The PSO algorithm is enhanced with dynamic inertia weight and acceleration coefficients, transitioning through exploration, exploitation, convergence, and jumping-out phases. The inertia weight $\omega$ is updated exponentially rather than linearly, promoting faster convergence and improved global search capability. The cognitive ($c_1$) and social ($c_2$) acceleration coefficients are adaptively adjusted based on the optimization phase, as per a predefined logic, to balance exploration and exploitation.

The improved PSO is tasked with optimizing the MPC parameters: prediction horizon ($N_p$), control horizon ($N_c$), weighting matrices ($Q$, $R$), and the number of Laguerre terms ($N$). The mean squared error (MSE) of the tracking performance serves as the fitness function. The optimization is performed over a range of longitudinal velocities and reference trajectories, with the resulting optimal parameters stored in a lookup table for online adaptation.

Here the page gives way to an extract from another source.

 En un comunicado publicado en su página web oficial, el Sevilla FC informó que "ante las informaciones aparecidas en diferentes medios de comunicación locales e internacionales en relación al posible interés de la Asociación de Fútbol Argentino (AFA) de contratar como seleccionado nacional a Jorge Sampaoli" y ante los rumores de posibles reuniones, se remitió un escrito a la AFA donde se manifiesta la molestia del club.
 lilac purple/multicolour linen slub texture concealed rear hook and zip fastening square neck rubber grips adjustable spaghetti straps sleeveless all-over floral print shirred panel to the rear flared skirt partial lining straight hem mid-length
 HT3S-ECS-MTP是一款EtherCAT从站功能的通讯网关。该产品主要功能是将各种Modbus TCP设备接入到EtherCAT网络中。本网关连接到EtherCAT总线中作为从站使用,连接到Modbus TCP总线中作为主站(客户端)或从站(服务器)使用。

Simulation Results and Comparative Analysis

The proposed AMPC is evaluated using a high-fidelity vehicle model (MATLAB Vehicle Dynamics Blockset, 3-DOF dual track, nonlinear Pacejka tire model) across three scenarios:

1. Double Lane Change at Constant Velocity ($v_x=9$ m/s): AMPC achieves an MSE of 0.097, outperforming classic MPC (0.422) and Pure Pursuit (0.482). The AMPC demonstrates superior tracking, smoother steering commands, and more stable heading rates.
2. Double Lane Change with Varying Velocity: Pure Pursuit fails to complete the maneuver. AMPC maintains robust tracking (MSE 0.124) compared to classic MPC (0.489), with adaptive parameter updates ensuring stability across speed changes.
3. General Trajectory with Varying Velocity and Wind Disturbance: Under constant velocity, AMPC yields an MSE of 10.79, outperforming MPC (21.234) and Pure Pursuit (76.639). With varying velocity, AMPC further reduces MSE to 7.219 versus MPC's 25.079. When subjected to lateral wind disturbances, classic MPC diverges, while AMPC maintains trajectory tracking due to its adaptive parameterization.

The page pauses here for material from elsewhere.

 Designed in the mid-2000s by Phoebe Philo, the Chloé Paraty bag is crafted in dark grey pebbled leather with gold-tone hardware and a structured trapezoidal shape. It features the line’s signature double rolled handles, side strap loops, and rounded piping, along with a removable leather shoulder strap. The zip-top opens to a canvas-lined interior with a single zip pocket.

The improved PSO demonstrates faster convergence and superior fitness values compared to classic and previously improved PSO variants, reaching $10^{-3}$ fitness in 41 generations versus 2.1 and 3.11 for other methods.

Practical and Theoretical Implications

The integration of adaptive MPC with online PSO-based parameter tuning addresses key challenges in autonomous vehicle control: constraint handling, adaptation to dynamic environments, and computational efficiency. The use of Laguerre functions enables real-time implementation on embedded platforms by reducing the computational load. The lookup table-based adaptation mechanism allows for rapid parameter updates in response to changing vehicle states and external disturbances.

The demonstrated robustness to wind disturbances and varying speed profiles highlights the practical viability of the approach for real-world deployment in urban and highway scenarios. The methodology is extensible to other MIMO control tasks in autonomous systems, such as combined lateral-longitudinal control and multi-agent coordination.

Future Directions

The paper suggests further research into leveraging neural networks and adaptive neuro-fuzzy inference systems for learning and generalizing the optimal parameters identified by PSO, potentially enabling end-to-end adaptive control without explicit lookup tables. Additionally, extending the framework to nonlinear MPC formulations and integrating perception-driven reference generation could further enhance autonomy and safety.

Conclusion

The proposed AMPC framework, optimized via an improved PSO algorithm and augmented with Laguerre function approximation, demonstrates significant improvements in lateral control accuracy, adaptability, and robustness for autonomous vehicles. The approach effectively handles dynamic scenarios and external disturbances, outperforming classic MPC and Pure Pursuit controllers. The results support the adoption of adaptive, optimization-driven control architectures in autonomous vehicle systems, with promising avenues for further enhancement through machine learning-based adaptation mechanisms.